What this task involves >> A verbatim restatement of the data, free of pictures, is what you should output.
____________
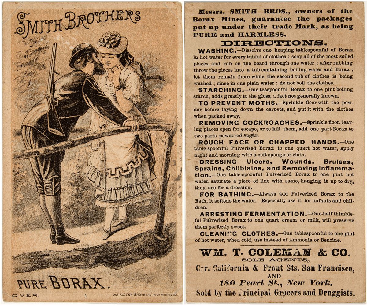 c1900 This is a 4.5"x 2.5" advertising card for Borax from the Smith Brothers. Francis Marion (Borax) Smith began developing borax deposits in Nevada and California in the 1860s. This product was one of their first, distributed by Wm Coleman, a major player in the Gold Rush (shipping, etc) and was on the 1856 Vigilance committee. Lynn Langdon Collection - HKA#65685
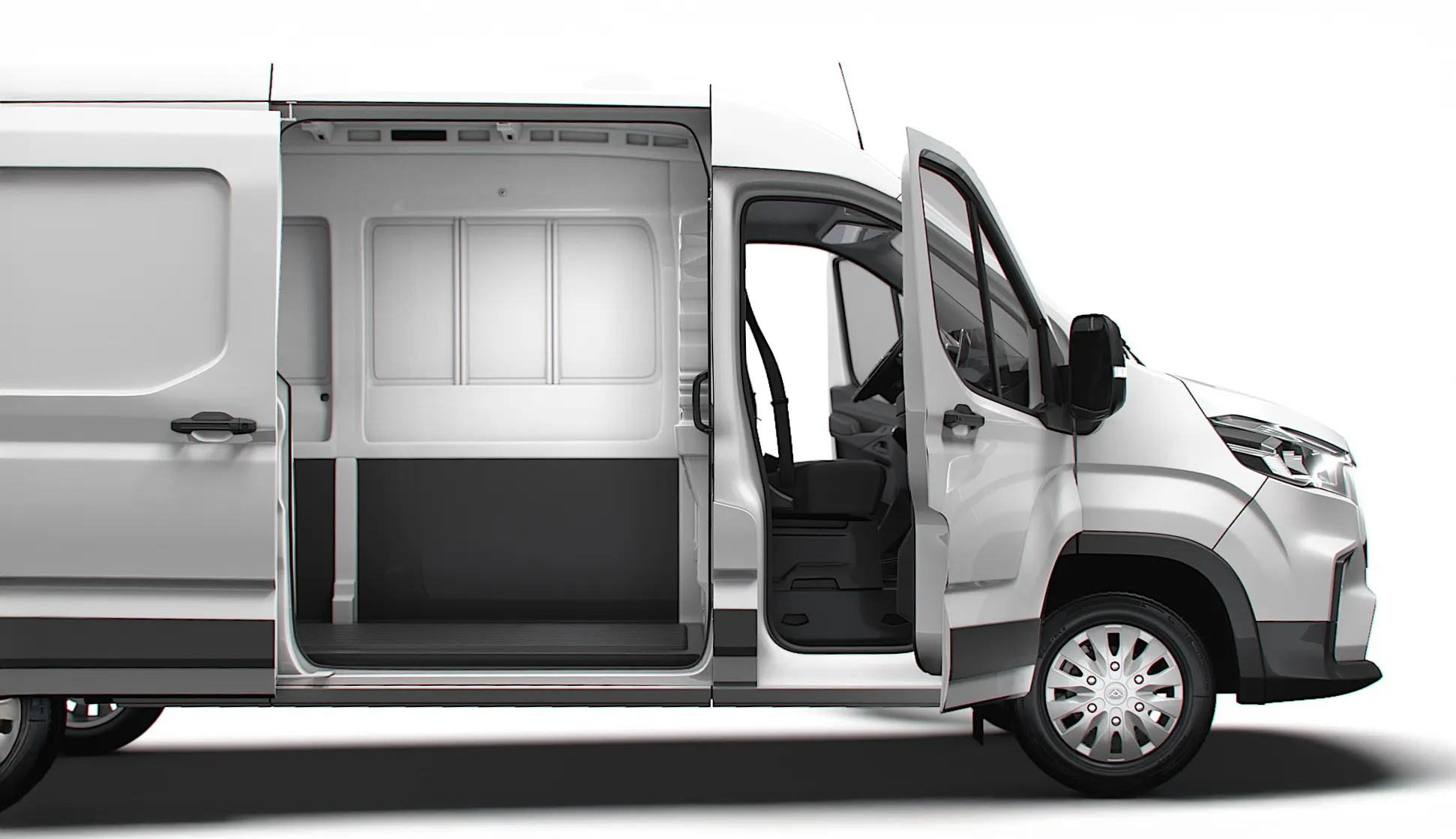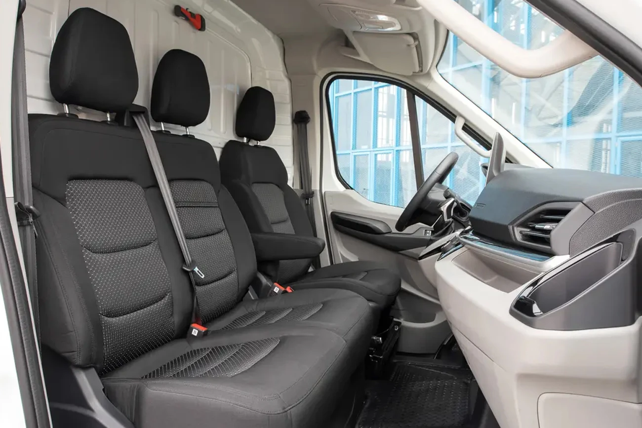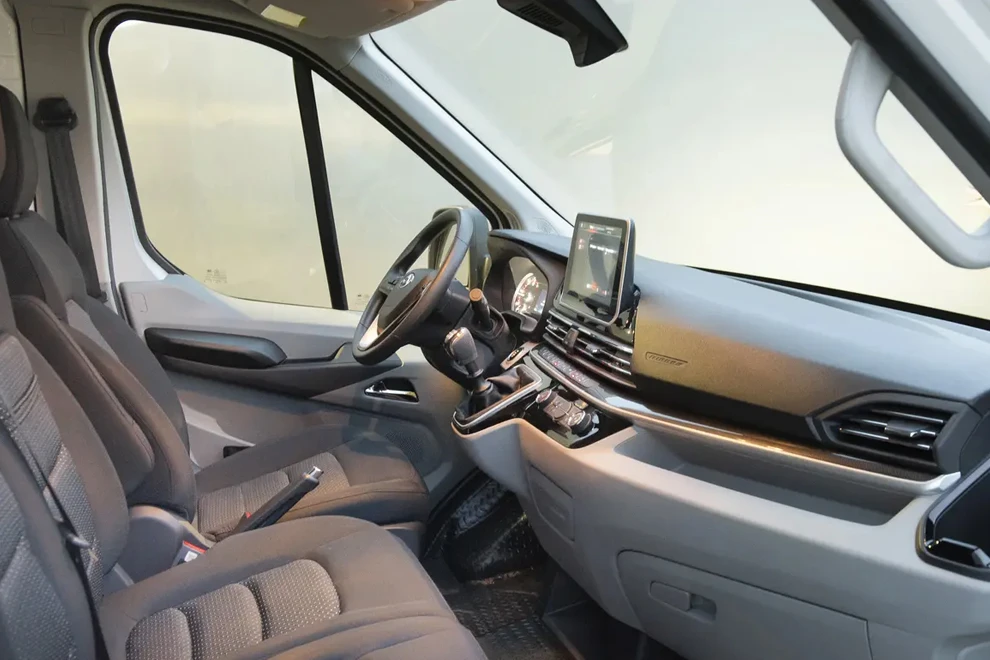 Deliver 9’un geniş sürgülü yan kapısı ve 180° açılan arka kapıları yük alanına tam erişim sağlar. Düşük yükleme eşiği, düz–kaymaz zemin ve bağlama halkaları paletli yükleri hızlı ve güvenli şekilde sabitlemenize yardımcı olur. LED iç aydınlatma net görüş sunarken, çelik ara bölme operasyon sırasında kabini güvenli tutar.
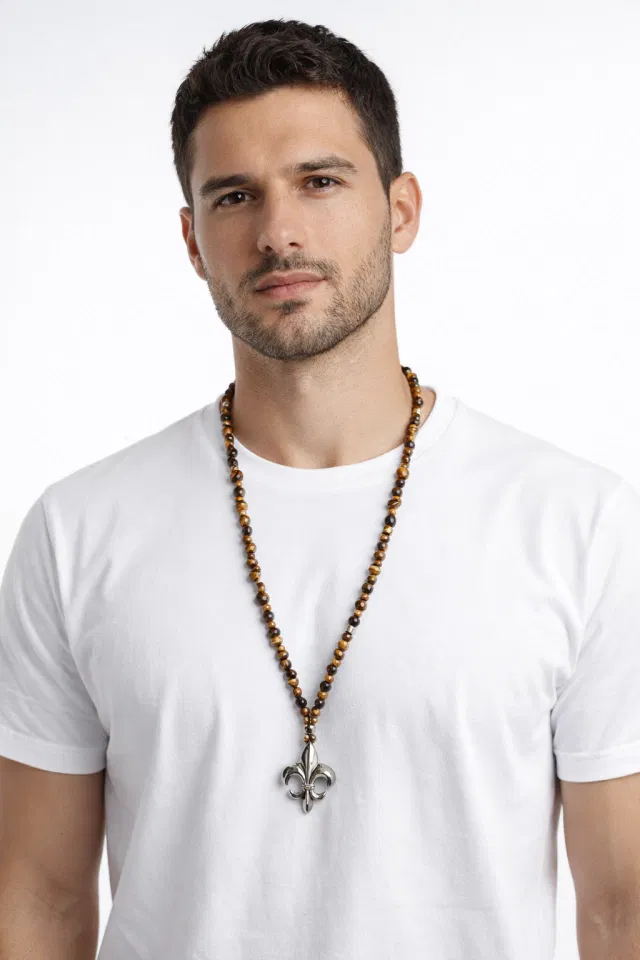 Collar largo tipo rosario realizado con piedras naturales de ojo de tigre en medidas de 8 mm y 4 mm, cuidadosamente combinadas para lograr un diseño elegante y con fuerte presencia. Incluye un dije central de flor de lis en acero macizo que aporta carácter y estilo atemporal.
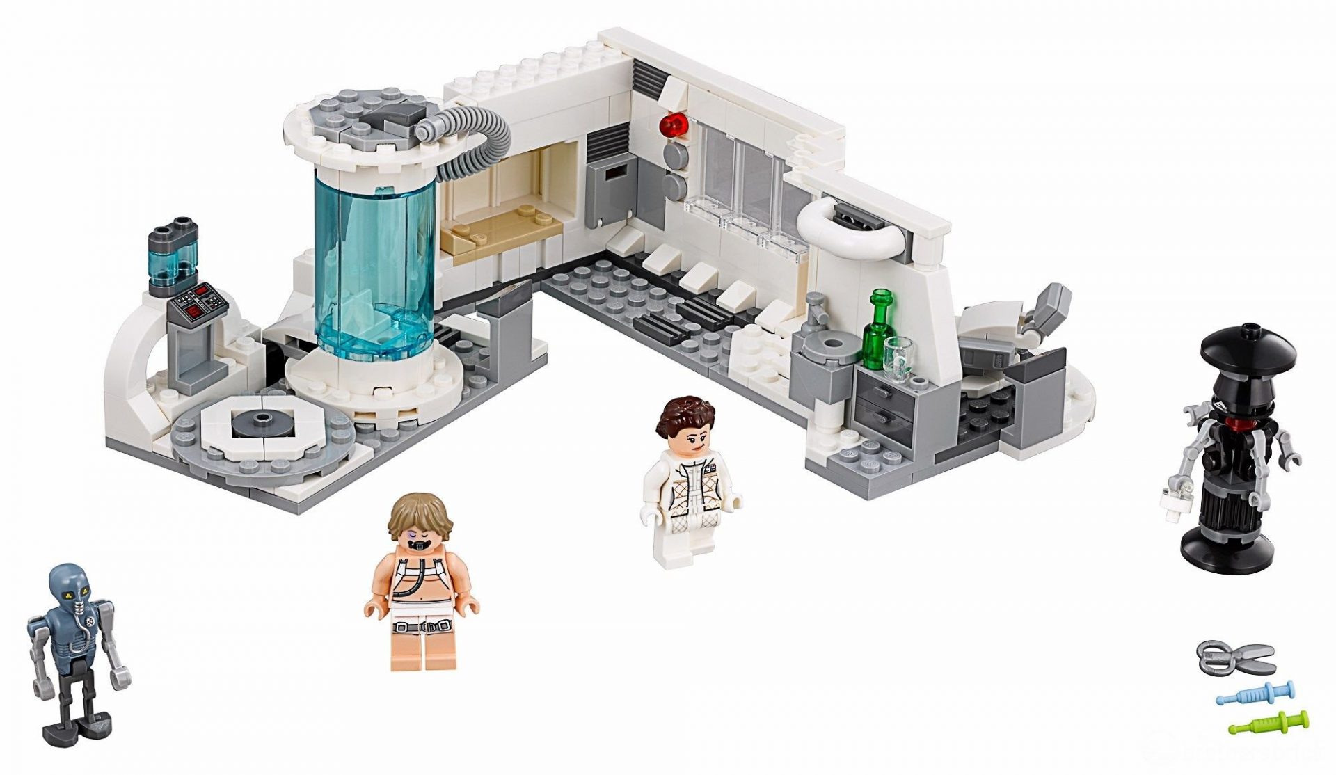 • Enthält einen aufklappbaren Bacta-Tank, in den eine Minifigur hineinpasst, den drehbaren Medizindroiden FX-7, einen drehbaren Untersuchungsstuhl, ein Bett, eine Waschstation und Schubladen.
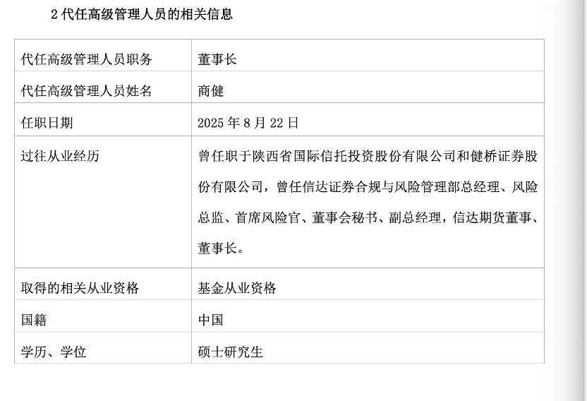信达澳亚基金公告称,任命商健代为履行董事长职务,原董事长祝瑞敏卸任。
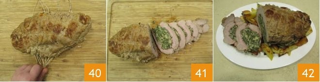 Toma la bolsa de ternera rellena, elimina el hilo 40, córtala en rodajas 41 y sirve la carne bien caliente acompañada de las patatas 42 y el fondo de cocción.
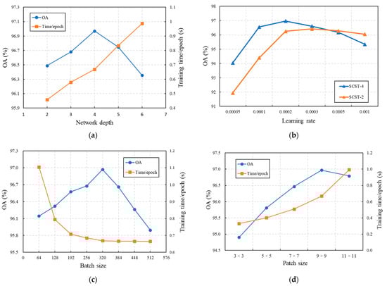 Batch training is a key algorithm for deep learning. It can address multi-input data in parallel to reduce training time and accelerate network convergence. Too small a batch size will lead to a longer running time, while too large will reduce the generalization performance of the model [52]. In order to select the appropriate batch size, we take the SCSTIN-4 model as an example to compare the classification accuracy and efficiency on the EFHLM dataset. Figure 7c shows the performance of SCSTIN-4 with different batch sizes ranging from 64 to 512. For classification accuracy, it is obvious that overall accuracy (OA) reached its highest value when the batch size was 320. While average training time per epoch decreased as batch size increased, the reduction was negligible after 320 batch size. Thus, 320 was chosen as the compromise batch size.
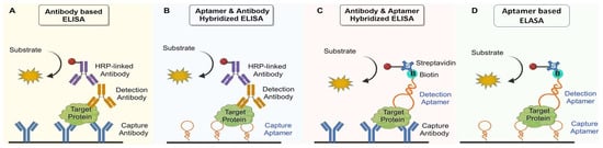 The setup of sandwich ELISA assay. (A) Classical antibody-based ELISA. The target protein is measured using two primary antibodies, a capture antibody and a detection antibody, followed by detection via HRP-linked antibody. (B) Antibody and aptamer hybridized ELISA. Capture antibody is replaced by capture aptamer. (C) Aptamer and antibody hybridized ELISA. The detection antibody is replaced by a biotinylated detection aptamer, which is recognized by HRP-streptavidin. (D) Aptamer-based ELASA. The target protein is measured using capture aptamer and biotinylated detection aptamer, followed by detection via HRP-streptavidin.
____________
Solution for this task >>
 c1900 This is a 4.5"x 2.5" advertising card for Borax from the Smith Brothers. Francis Marion (Borax) Smith began developing borax deposits in Nevada and California in the 1860s. This product was one of their first, distributed by Wm Coleman, a major player in the Gold Rush (shipping, etc) and was on the 1856 Vigilance committee. Lynn Langdon Collection - HKA#65685
 Deliver 9’un geniş sürgülü yan kapısı ve 180° açılan arka kapıları yük alanına tam erişim sağlar. Düşük yükleme eşiği, düz–kaymaz zemin ve bağlama halkaları paletli yükleri hızlı ve güvenli şekilde sabitlemenize yardımcı olur. LED iç aydınlatma net görüş sunarken, çelik ara bölme operasyon sırasında kabini güvenli tutar.
 Collar largo tipo rosario realizado con piedras naturales de ojo de tigre en medidas de 8 mm y 4 mm, cuidadosamente combinadas para lograr un diseño elegante y con fuerte presencia. Incluye un dije central de flor de lis en acero macizo que aporta carácter y estilo atemporal.
 • Enthält einen aufklappbaren Bacta-Tank, in den eine Minifigur hineinpasst, den drehbaren Medizindroiden FX-7, einen drehbaren Untersuchungsstuhl, ein Bett, eine Waschstation und Schubladen.
信达澳亚基金公告称,任命商健代为履行董事长职务,原董事长祝瑞敏卸任。
 Toma la bolsa de ternera rellena, elimina el hilo 40, córtala en rodajas 41 y sirve la carne bien caliente acompañada de las patatas 42 y el fondo de cocción.
 Batch training is a key algorithm for deep learning. It can address multi-input data in parallel to reduce training time and accelerate network convergence. Too small a batch size will lead to a longer running time, while too large will reduce the generalization performance of the model [52]. In order to select the appropriate batch size, we take the SCSTIN-4 model as an example to compare the classification accuracy and efficiency on the EFHLM dataset. Figure 7c shows the performance of SCSTIN-4 with different batch sizes ranging from 64 to 512. For classification accuracy, it is obvious that overall accuracy (OA) reached its highest value when the batch size was 320. While average training time per epoch decreased as batch size increased, the reduction was negligible after 320 batch size. Thus, 320 was chosen as the compromise batch size.
 The setup of sandwich ELISA assay. (A) Classical antibody-based ELISA. The target protein is measured using two primary antibodies, a capture antibody and a detection antibody, followed by detection via HRP-linked antibody. (B) Antibody and aptamer hybridized ELISA. Capture antibody is replaced by capture aptamer. (C) Aptamer and antibody hybridized ELISA. The detection antibody is replaced by a biotinylated detection aptamer, which is recognized by HRP-streptavidin. (D) Aptamer-based ELASA. The target protein is measured using capture aptamer and biotinylated detection aptamer, followed by detection via HRP-streptavidin.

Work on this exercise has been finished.